Autonomic dysfunction is common after spinal cord injury (SCI). There are currently limited tools to comprehensively characterize its deficits. While individual established autonomic tests have a long history and sound scientific background, translating these autonomic testing results to inform clinical understanding is a major barrier.
To assess a strategic battery of autonomic tests to characterize and act as a biomarker of autonomic regulation for individuals with SCI and to develop a novel graphical representation of these data to facilitate understanding of autonomic dysfunction after SCI.

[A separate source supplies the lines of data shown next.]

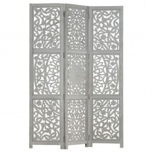 Biombo escul. mão 3 painéis 120x165cm mangueira maciça cinzento
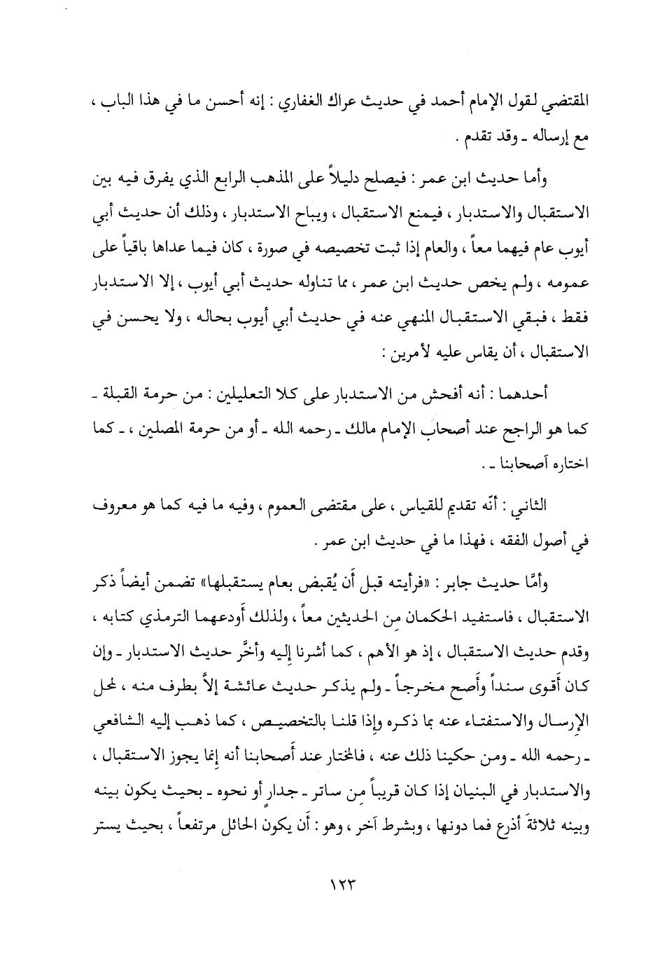 وأما حديث ابن عمر: فيصلح دليلًا على المذهب الرابع الذي يفرق فيه بين الاستقبال والاستدبار، فيمنع الاستقبال، ويباح الاستدبار، وذلك أن حديث أبي أيوب عام فيهما معًا، والعام إذا ثبت تخصيصه في صورة، كان فيما عداها باقيًا على عمومه، ولم يخص حديث ابن عمر، مما تناوله حديث أبي أيوب، إلا الاستدبار فقط، فبقي الاستقبال المنهي عنه في حديث أبي أيوب بحاله، ولا يحسن في الاستقبال، أن يقاس عليه لأمرين:
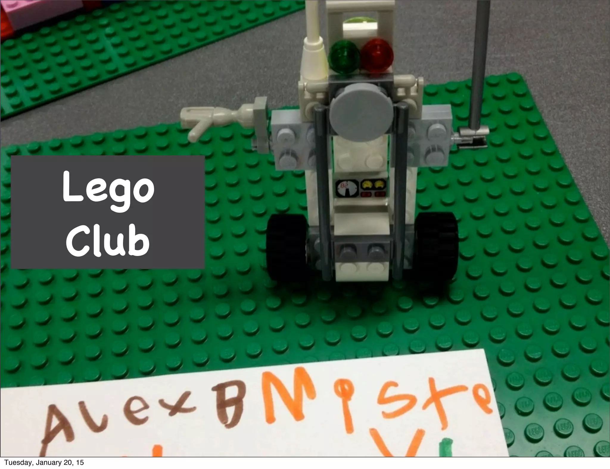 This document contains a schedule for activities at a club on Tuesday, January 20th, 2015. The schedule includes Lego club, creating scratch video games, building bristlebots and spinbots, a workshop on Arduinos in boomboxes, LED activities, soldering, light painting, app art, play dough chemistry, working with Little Bits, using MaKey MaKeys, designing marble runs and card engineering, and making terrariums.
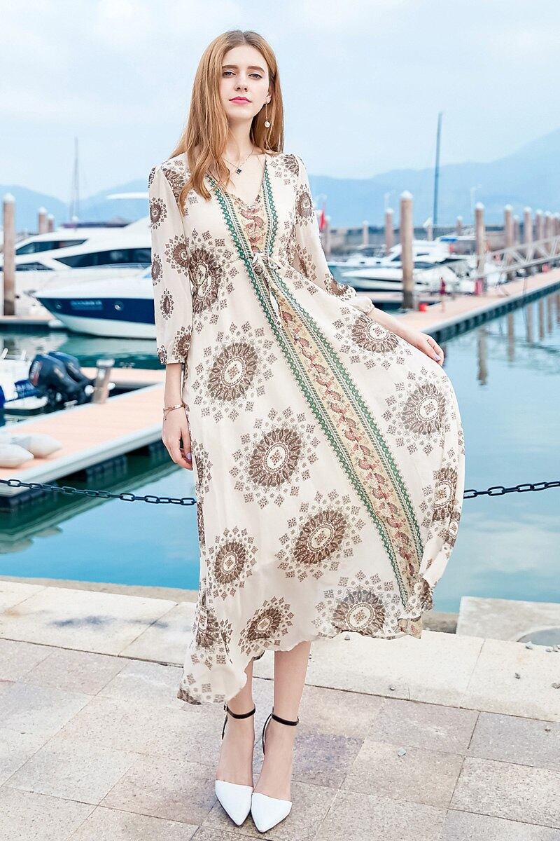 女性の服新しい夏のファッション三分袖シフォンドレスvネック花印刷ボヘミアンロングドレス女性
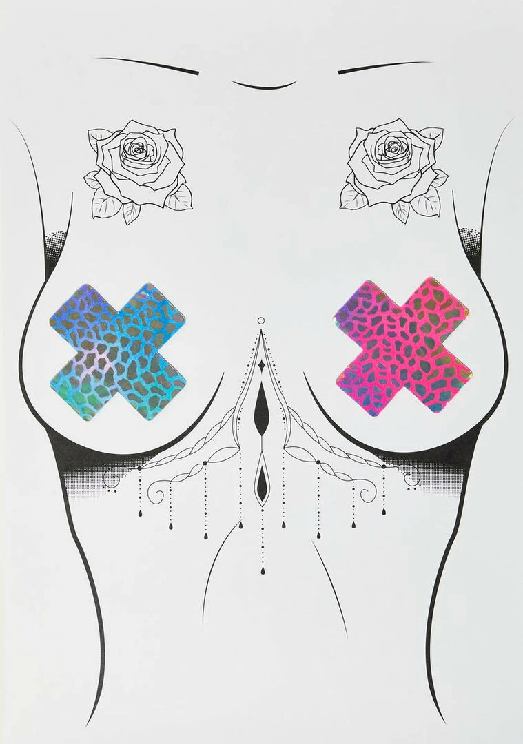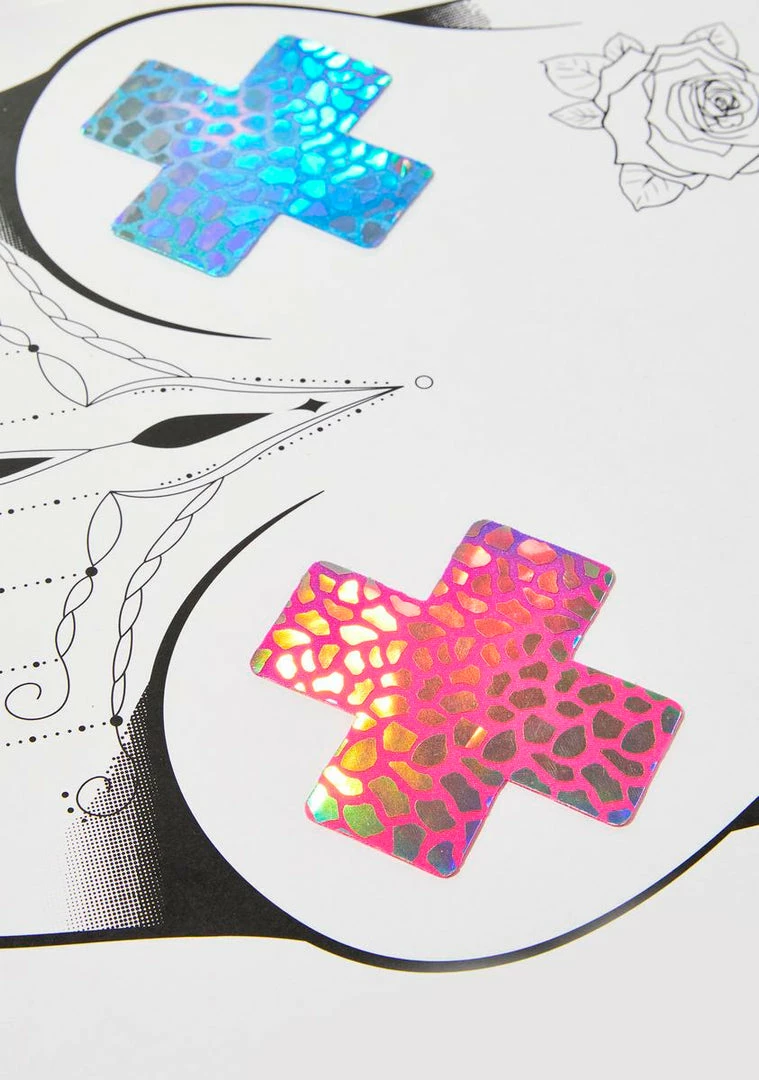 cuz show some pride babe! These neon rainbow X shaped pasties have holographic foil scales and self-adhesive backings.
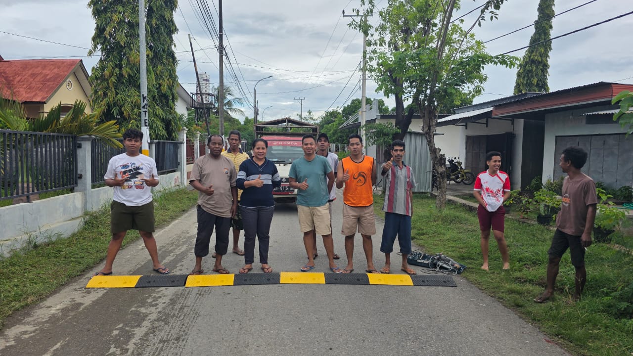 Rosalinda juga menyerahkan bantuan satu set polisi tidur berbahan karet (rubber speed bump) yang langsung dipasang di Jalan Fatutuan, salah satu titik yang dinilai rawan kecelakaan.
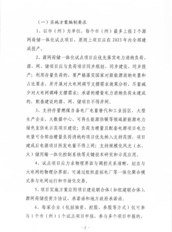 根據(jù)文件,電力多能互補(bǔ)試點(diǎn)由各地結(jié)合“光伏+”綜合利用行動(dòng)、新能源電站升級改造和沙漠、戈壁、荒漠大型風(fēng)電光伏基地建設(shè)等工作自行組織。源網(wǎng)荷儲(chǔ)項(xiàng)目則以市(州)為單位,每個(gè)市最多可申報(bào)2個(gè)項(xiàng)目,原則上應(yīng)在2023年內(nèi)全部建成投產(chǎn)。每家企業(yè)僅可參與1市1個(gè)試點(diǎn)項(xiàng)目申報(bào)。
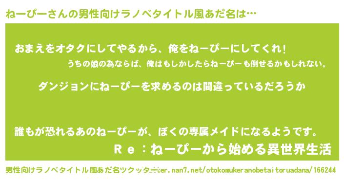 | 女子向けラノベタイトル風あだ名 | 『ねーぴーの卵を拾いまして』 |
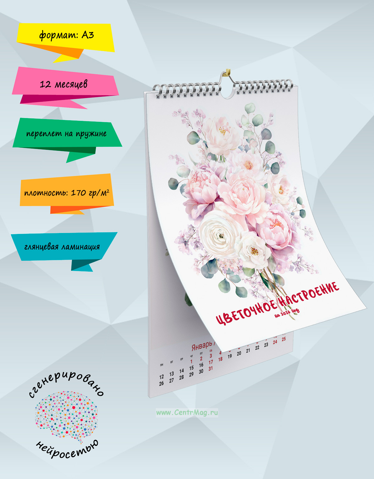 Календарь содержит изображения красивых весенних цветов, сгенерированные с помощью нейросети. Календарь будет отличным подарком для ваших родных, друзей, знакомых, коллег или даже для себя.

We outline a battery of six laboratory autonomic tests that were curated to collectively describe the ability of individuals with SCI to inhibit and recruit sympathetic activity through the injured spinal cord. Heart rate/blood pressure variability, bolus phenylephrine, hand and foot cold pressor, Valsalva maneuver, and bladder pressor are herein described. Incorporating normative control data for 30 uninjured individuals completing this testing battery, we further demonstrate the utility of a composite biomarker, comparing these control results to 11 individuals with SCI.
Results demonstrate strong normality of data with testing psychometrics, suggesting stable reproducibility with repeat testing. Even in this preliminary sample of individuals with SCI, clear differences begin to emerge compared to uninjured norms. This illustrates the ability of this collective testing battery to characterize autonomic regulation after SCI. To aid in clinical translation, we further present a graphical representation, an autonomic phenotype, which serves as a snapshot of how normal or abnormal sympathetic inhibition and recruitment of activation may be after SCI.
Utilizing these autonomic phenotypes, three example cases of individuals with SCI highlight evidence of varied degrees of autonomically complete SCI. Together, this represents a key advancement in our understanding of autonomic function after SCI.